The Unknowable and the Unknown


I ponder the unknowable
I do it all the time
I introspect and navel-gaze
And most of it in rhyme
It gives me job security—
A niche to call my own—
Unknowables are permanent,
Unlike the mere unknown.

Unsolvable conundrums
Are my favorite sorts of stuff
Impossibly attractive, I
Just cannot get enough
They have no real solution,
So you can’t get too involved—
It’s really so much easier
Than solving the unsolved.

A question that’s unanswered
Is an open invitation
To poke around, to sniff for clues,
Begin investigation
I much prefer unanswerables
And have since just a pup
Cos none can know the answer, so
I get to make shit up.

A bit of context, after the jump:

PZ pointed out a New York Times article on Richard Dawkins, and I (as is my nature) have been reading the comments to that article. Oh, it’s not nearly as bad as reading the comments after some Fox News story on science vs religion, but much of it is predictable. For those of us who feed on this sort of thing, it’s a fairly substantial meal.

Anyway, I noticed a few comments that touched on a pet peeve of mine. They chastised science (or Dawkins, or each other) for not being able to answer the unanswerable questions about unknowable topics. Actually, sometimes they only thought they were doing this–they were actually pointing out their own ignorance of well-known answers. But sometimes, they were arguing for the superiority of religion in answering the unanswerables.

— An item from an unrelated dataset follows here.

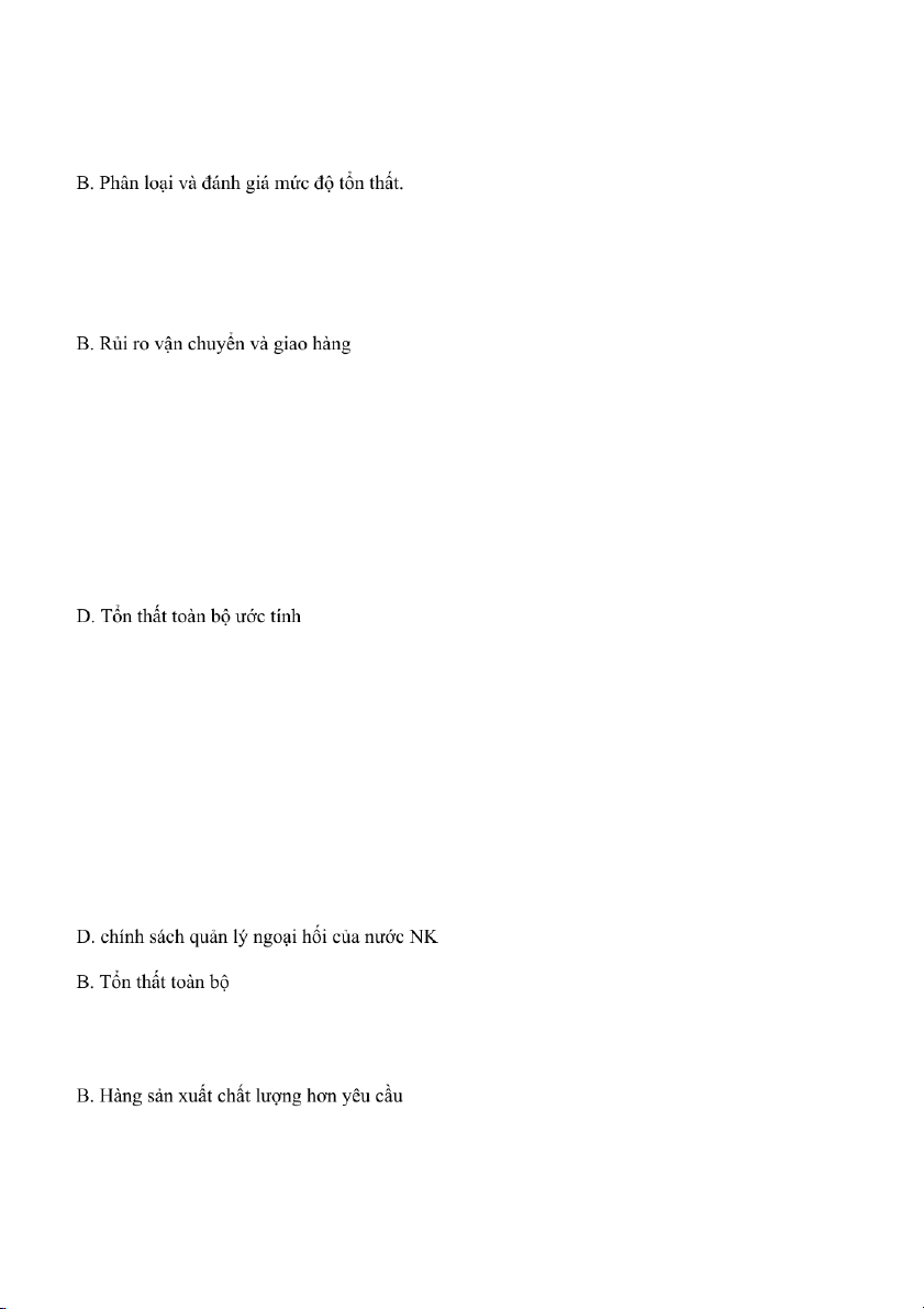 Câu 6: Do gặp phải bão lớn trên đường, toàn bộ hàng hoá đã bị hư hỏng khi đến tay người nhận. Đây là loại rủi ro: A: Rủi ro sản xuất B: Rủi ro hàng hoá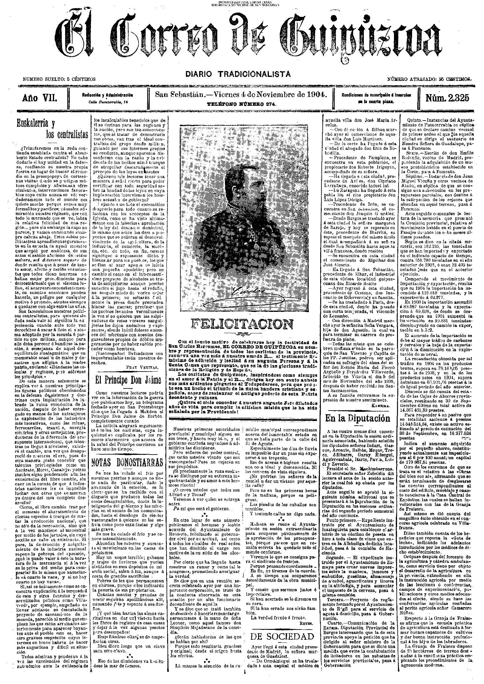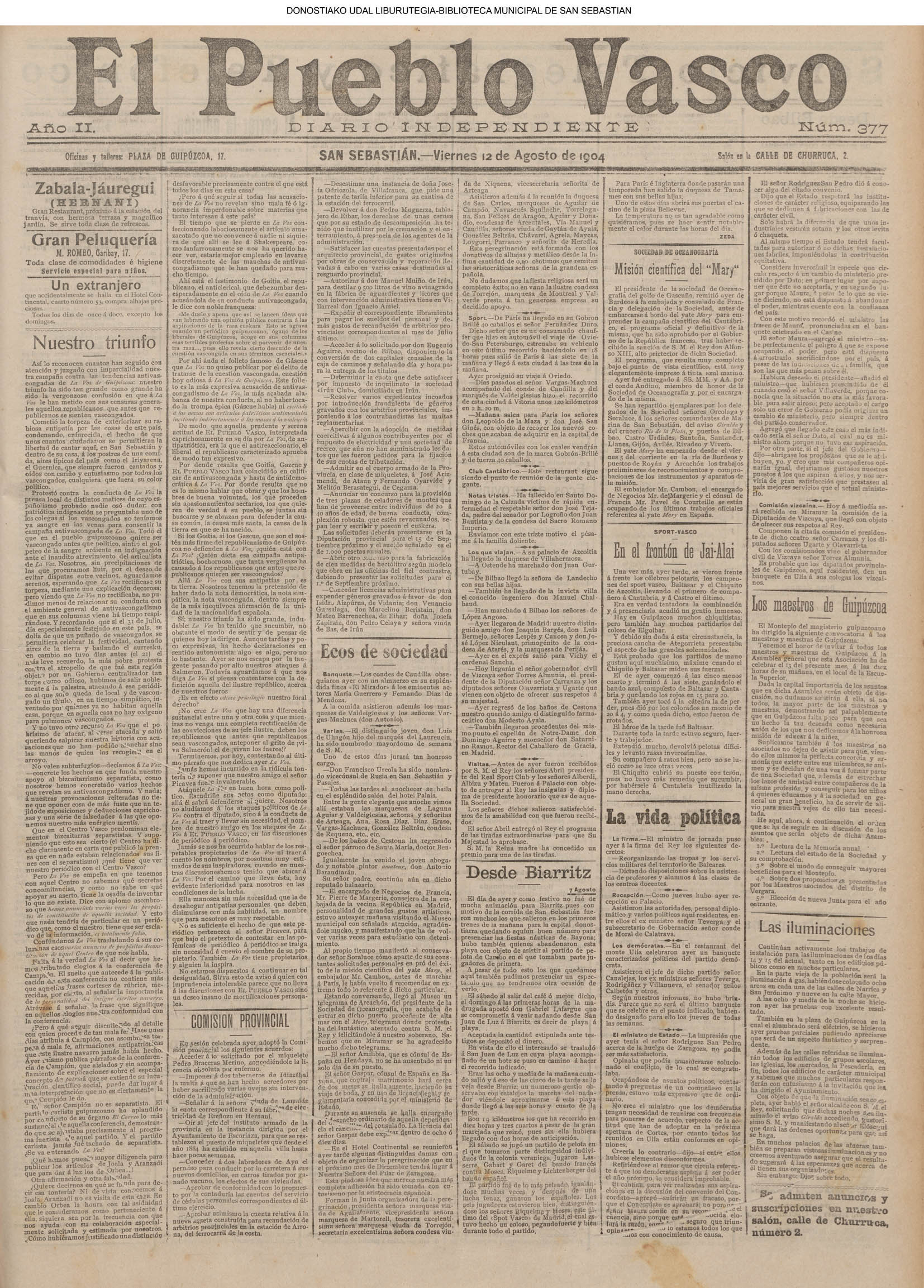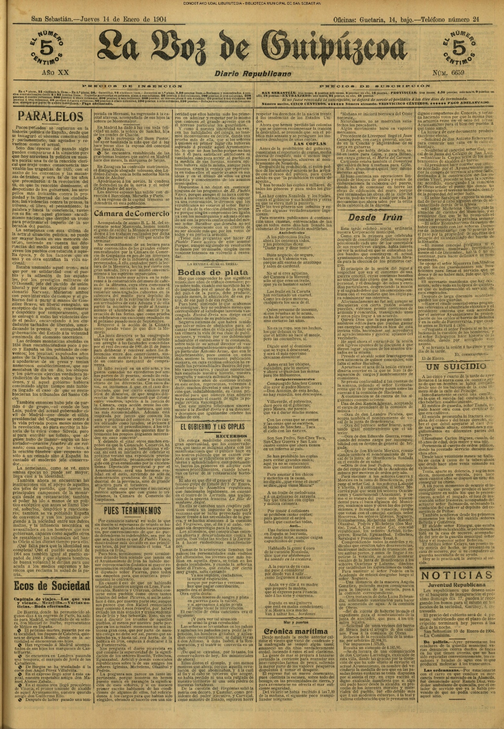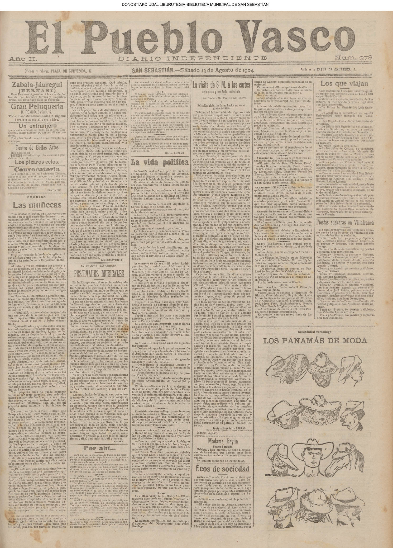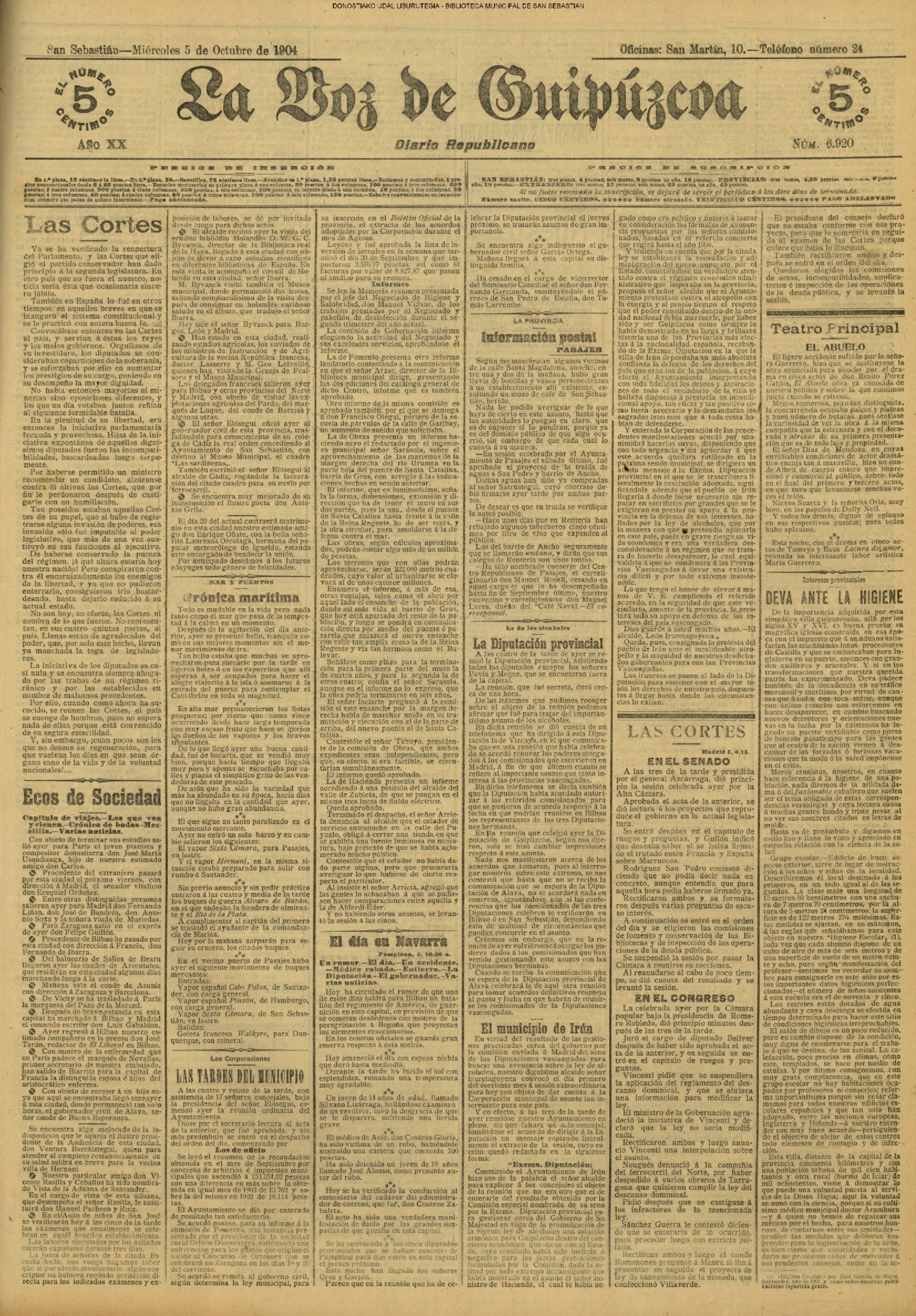 Construcción de un puente.—D. Ramón Cendoya, vecino de Hernani, ha solicitado licencia para construir un puente de fábrica sobre el río Urola, en el término de Cestona, para poner en comunicación la carretera de este pueblo á Azpeitia con la casa de máquinas que en la margen izquierda del río se va á edificar por cuenta de don Gracián Alberdi. (La Construcción moderna. 30/7/1904, n.º 14)(22)

And I have a problem with “unknowable”, “unanswerable”, “unsolvable” and the like. They are not merely adjectives; they are conclusions. And while we know that there are limits to what we can know (and thus, “known unknowns”), these are not the things commenters were speaking of. Mysteries (or at least, mysteries to them) of biology, psychology, and physics should best not be termed “unknowable”, but “unknown” (assuming it is, actually, unknown, or perhaps it is simply “unknown to me”), not “unsolvable” but “unsolved”, not “unanswerable” but “unanswered”. The former in each pair is a conclusion, a dead end. The latter is an invitation. An adventure.

The downside is, if you just make shit up, you get called on it.

Comments

  1. zackoz says

    Well put, as usual.

    And so many things which were once thought to be unanswerable have in fact now been answered: eg where did we come from?

    We can always guess that certain things may prove unanswerable, but we don’t want to be too dogmatic about what they may be.

  2. Pierce R. Butler says

    Nancy Marsh, of Florida Citizens for Science, wrote what I consider one of the tidiest summaries of such questions:

    One of the reasons our teachers sometimes get into trouble extolling the virtues of science is that they do not know what science is NOT: truth, permanence, dogma, and the answer to all the questions humanity asks.